Two studies of patients whose pain relief was at least satisfactory at all time points found a significant difference between transdermal buprenorphine and placebo in all three doses of transdermal buprenorphine, 35.5, 52.5, or 70 micrograms per hour (RR 1.74, 95% Cl 1.31–2.32; I2 0%). Pain-free sleep was improved in two studies comparing transdermal buprenorphine to placebo (RR 1.25, 95% Cl 0.84–1.88; I2 0%). Adverse effects such as nausea, vomiting, and constipation were less with transdermal buprenorphine compared to fentanyl, morphine, or placebo.
Transdermal buprenorphine appears to be an effective and safe treatment for cancer pain; however, further research is needed to confirm its effectiveness because of the low quality of published research. Information about the following research quality indicators was unclear for a majority of the studies.

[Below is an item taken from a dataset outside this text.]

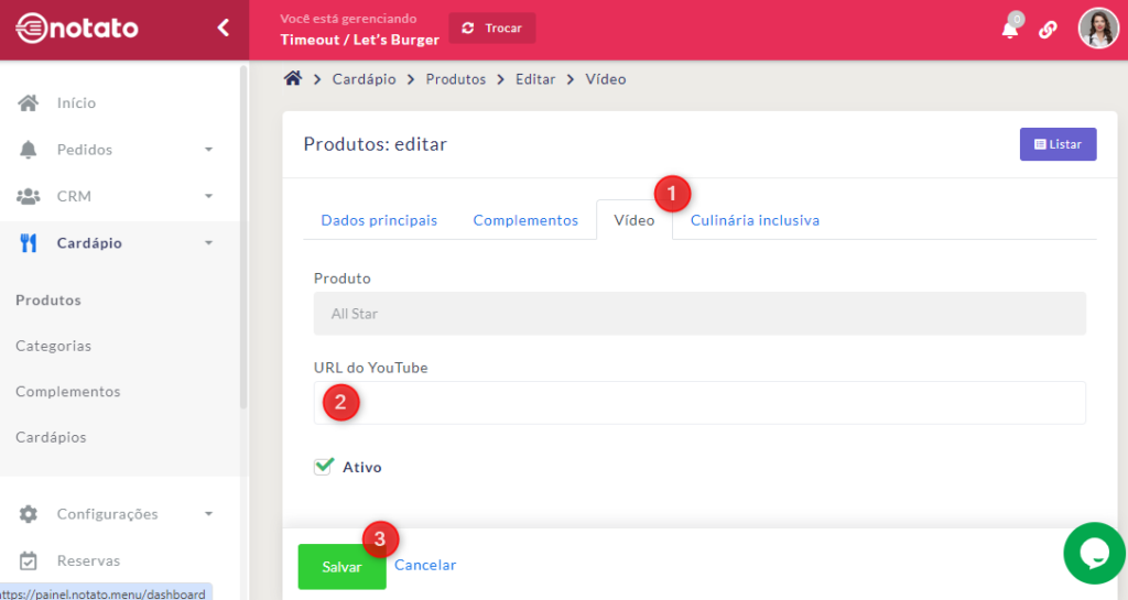 Inclua a URL do vídeo do seu produto no YouTube, e clique em “Salvar”.

Although transdermal buprenorphine has been shown to have advantages over other opioids (i.e., noninvasive route, reduced respiratory depression, less frequent adverse effects), further research is needed to confirm its level of effectiveness in relieving cancer pain. In addition, the long-term effects of transdermal buprenorphine need to be determined. If nurses are caring for patients who are prescribed transdermal buprenorphine, they should be aware of the potential adverse effects, which are similar to other opioids.